Required action |
Set down exactly, from the records below, the line with "8 February 2020;" through the line with "Questo cambio di", and nothing else.

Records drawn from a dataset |

◇ ◇ ◇ ◇ ◇

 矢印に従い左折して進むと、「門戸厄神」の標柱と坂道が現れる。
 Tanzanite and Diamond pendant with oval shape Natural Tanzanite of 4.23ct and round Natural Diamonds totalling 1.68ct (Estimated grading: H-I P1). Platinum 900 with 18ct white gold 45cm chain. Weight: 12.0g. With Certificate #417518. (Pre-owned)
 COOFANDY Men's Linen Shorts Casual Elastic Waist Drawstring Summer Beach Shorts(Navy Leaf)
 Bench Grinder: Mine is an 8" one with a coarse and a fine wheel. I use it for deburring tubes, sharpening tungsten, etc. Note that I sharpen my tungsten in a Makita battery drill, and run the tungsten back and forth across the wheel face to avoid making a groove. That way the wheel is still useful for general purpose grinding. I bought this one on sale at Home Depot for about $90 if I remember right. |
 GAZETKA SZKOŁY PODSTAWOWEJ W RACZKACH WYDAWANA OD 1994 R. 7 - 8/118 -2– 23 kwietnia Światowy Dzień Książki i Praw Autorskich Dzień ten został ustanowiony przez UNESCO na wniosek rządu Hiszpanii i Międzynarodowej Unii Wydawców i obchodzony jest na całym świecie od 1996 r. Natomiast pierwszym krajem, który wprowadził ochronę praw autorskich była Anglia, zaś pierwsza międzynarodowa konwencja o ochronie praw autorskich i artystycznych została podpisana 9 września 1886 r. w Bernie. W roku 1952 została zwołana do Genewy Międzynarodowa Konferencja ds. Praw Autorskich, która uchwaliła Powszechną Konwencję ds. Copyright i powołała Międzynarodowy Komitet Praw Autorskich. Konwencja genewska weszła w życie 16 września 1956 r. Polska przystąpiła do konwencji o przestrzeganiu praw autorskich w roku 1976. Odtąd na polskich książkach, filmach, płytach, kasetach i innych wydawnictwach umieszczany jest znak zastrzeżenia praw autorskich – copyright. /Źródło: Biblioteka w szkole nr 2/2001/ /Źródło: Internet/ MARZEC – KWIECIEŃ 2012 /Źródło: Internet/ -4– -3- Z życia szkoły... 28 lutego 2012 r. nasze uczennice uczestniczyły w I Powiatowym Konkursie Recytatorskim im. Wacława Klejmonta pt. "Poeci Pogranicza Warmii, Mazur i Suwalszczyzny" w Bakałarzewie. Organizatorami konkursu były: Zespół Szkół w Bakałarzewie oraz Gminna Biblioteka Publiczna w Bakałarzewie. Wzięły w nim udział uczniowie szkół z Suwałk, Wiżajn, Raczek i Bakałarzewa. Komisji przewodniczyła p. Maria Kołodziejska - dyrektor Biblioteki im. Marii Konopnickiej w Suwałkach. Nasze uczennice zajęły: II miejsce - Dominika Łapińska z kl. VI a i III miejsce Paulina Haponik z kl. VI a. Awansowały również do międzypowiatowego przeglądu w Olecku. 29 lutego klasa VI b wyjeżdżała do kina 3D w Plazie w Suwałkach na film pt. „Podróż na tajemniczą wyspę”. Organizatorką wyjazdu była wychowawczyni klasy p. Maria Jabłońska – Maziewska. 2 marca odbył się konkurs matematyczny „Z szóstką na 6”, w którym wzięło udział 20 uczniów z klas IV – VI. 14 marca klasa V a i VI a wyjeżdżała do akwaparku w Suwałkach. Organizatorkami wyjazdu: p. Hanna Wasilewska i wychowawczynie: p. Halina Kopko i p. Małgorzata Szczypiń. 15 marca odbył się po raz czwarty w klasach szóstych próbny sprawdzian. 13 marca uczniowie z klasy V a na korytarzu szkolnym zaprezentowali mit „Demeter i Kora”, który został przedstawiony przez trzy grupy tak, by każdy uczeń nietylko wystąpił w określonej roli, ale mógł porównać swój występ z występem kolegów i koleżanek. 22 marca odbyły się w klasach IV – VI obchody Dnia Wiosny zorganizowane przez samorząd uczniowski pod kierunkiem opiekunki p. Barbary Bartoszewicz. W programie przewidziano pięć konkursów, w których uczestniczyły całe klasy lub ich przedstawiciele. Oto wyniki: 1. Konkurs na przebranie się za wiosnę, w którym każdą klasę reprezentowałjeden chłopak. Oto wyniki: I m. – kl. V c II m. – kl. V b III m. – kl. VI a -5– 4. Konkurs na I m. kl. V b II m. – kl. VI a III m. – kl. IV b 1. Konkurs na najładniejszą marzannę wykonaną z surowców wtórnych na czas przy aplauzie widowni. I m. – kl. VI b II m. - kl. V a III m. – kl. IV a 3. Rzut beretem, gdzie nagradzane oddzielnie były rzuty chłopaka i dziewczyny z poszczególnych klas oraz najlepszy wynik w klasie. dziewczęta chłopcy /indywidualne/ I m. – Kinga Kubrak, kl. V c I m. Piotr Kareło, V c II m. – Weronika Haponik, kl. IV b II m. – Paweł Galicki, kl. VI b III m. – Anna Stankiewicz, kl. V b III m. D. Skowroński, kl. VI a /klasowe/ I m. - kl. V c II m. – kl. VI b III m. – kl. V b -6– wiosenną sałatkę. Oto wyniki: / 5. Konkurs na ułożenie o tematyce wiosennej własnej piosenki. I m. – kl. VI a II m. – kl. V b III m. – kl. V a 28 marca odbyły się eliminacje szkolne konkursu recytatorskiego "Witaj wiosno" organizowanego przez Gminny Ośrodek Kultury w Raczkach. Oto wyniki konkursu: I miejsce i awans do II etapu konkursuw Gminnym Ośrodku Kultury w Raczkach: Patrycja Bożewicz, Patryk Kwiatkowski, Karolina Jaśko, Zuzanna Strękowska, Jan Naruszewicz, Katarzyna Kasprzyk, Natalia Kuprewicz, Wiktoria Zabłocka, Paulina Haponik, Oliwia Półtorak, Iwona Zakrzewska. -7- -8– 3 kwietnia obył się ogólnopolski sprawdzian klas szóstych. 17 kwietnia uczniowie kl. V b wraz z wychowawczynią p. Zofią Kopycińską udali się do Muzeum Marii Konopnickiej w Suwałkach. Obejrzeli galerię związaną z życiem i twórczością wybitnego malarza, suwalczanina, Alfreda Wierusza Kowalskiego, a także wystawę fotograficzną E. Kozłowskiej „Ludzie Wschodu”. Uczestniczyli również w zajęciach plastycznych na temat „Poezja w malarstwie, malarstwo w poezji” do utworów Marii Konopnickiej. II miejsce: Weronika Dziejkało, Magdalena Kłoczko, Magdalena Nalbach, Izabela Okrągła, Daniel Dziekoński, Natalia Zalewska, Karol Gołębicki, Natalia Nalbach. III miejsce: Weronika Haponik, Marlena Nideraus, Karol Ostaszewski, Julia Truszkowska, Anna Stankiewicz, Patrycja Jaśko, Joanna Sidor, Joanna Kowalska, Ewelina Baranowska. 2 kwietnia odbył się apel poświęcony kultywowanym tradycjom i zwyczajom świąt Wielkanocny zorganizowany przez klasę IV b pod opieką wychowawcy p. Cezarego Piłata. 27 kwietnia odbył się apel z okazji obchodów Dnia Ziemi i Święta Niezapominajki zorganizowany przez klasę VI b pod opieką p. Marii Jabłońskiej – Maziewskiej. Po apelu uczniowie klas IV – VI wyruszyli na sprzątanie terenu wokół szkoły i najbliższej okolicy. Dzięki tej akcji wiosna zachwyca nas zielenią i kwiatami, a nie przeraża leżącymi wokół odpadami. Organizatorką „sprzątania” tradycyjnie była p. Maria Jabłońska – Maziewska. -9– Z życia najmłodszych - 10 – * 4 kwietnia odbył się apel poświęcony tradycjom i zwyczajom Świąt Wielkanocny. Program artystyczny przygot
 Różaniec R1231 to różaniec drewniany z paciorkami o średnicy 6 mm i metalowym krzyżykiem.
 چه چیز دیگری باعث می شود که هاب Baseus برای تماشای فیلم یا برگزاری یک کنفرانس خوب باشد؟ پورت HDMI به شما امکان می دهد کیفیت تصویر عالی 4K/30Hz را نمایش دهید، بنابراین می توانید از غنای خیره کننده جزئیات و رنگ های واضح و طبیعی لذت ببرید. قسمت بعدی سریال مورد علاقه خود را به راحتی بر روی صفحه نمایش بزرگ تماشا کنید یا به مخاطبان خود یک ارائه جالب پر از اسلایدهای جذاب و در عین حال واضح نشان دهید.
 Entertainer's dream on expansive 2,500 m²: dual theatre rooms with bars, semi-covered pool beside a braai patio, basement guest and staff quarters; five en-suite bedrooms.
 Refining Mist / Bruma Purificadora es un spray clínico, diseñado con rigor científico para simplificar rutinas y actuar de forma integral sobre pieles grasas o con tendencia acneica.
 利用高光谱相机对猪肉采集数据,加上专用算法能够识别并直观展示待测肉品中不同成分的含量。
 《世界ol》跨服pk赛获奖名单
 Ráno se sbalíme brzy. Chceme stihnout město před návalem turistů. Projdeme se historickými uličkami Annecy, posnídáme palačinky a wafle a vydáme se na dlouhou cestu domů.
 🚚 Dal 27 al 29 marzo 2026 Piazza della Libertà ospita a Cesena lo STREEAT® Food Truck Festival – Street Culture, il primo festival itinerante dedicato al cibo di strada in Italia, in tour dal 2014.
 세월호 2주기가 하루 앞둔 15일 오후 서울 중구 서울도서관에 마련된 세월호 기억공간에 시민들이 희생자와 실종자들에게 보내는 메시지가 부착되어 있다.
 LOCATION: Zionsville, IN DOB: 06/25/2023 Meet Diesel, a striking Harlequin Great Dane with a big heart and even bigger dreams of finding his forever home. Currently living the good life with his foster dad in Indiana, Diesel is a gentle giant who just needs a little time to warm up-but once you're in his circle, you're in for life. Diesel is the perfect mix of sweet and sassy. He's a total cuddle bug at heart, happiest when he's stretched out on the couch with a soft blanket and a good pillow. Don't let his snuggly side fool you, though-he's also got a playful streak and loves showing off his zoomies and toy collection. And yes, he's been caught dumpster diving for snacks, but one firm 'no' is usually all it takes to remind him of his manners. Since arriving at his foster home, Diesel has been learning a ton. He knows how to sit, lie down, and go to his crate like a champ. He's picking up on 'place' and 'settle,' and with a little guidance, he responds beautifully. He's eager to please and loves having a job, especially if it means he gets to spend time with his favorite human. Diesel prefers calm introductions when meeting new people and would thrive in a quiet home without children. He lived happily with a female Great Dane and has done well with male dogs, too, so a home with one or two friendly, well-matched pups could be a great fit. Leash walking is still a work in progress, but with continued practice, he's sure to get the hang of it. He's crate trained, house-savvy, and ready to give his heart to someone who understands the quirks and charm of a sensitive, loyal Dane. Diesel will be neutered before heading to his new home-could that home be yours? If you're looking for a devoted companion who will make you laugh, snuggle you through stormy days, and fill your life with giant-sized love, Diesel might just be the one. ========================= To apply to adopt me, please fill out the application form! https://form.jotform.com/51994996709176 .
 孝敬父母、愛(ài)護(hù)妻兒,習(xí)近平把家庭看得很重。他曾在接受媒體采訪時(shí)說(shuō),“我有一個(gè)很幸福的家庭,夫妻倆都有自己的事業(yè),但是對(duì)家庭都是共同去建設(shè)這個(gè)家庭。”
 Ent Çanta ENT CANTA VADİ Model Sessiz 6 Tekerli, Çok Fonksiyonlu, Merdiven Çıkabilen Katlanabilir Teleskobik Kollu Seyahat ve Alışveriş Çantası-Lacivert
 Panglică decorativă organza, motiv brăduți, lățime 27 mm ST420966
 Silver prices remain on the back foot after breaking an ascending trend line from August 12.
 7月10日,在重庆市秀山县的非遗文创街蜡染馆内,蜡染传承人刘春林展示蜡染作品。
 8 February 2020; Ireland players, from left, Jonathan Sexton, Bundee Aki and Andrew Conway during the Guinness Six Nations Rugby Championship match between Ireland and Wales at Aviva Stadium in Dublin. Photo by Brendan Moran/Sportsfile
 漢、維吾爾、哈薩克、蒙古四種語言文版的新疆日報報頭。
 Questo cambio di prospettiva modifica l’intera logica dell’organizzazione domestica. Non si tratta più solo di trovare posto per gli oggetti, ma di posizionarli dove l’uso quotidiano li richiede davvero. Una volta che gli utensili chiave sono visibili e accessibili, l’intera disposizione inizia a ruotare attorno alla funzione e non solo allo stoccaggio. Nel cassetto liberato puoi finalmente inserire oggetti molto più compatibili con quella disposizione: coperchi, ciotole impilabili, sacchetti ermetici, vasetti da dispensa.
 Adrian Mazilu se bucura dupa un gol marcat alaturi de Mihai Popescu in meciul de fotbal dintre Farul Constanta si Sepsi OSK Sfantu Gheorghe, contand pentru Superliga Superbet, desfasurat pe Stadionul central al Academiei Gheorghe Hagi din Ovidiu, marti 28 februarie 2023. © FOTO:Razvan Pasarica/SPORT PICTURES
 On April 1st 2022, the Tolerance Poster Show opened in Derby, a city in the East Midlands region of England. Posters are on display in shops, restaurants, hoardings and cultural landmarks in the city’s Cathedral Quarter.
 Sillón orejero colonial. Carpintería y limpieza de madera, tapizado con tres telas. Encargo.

◇ ◇ ◇ ◇ ◇

Completed exercise |
 8 February 2020; Ireland players, from left, Jonathan Sexton, Bundee Aki and Andrew Conway during the Guinness Six Nations Rugby Championship match between Ireland and Wales at Aviva Stadium in Dublin. Photo by Brendan Moran/Sportsfile
 漢、維吾爾、哈薩克、蒙古四種語言文版的新疆日報報頭。
 Questo cambio di prospettiva modifica l’intera logica dell’organizzazione domestica. Non si tratta più solo di trovare posto per gli oggetti, ma di posizionarli dove l’uso quotidiano li richiede davvero. Una volta che gli utensili chiave sono visibili e accessibili, l’intera disposizione inizia a ruotare attorno alla funzione e non solo allo stoccaggio. Nel cassetto liberato puoi finalmente inserire oggetti molto più compatibili con quella disposizione: coperchi, ciotole impilabili, sacchetti ermetici, vasetti da dispensa.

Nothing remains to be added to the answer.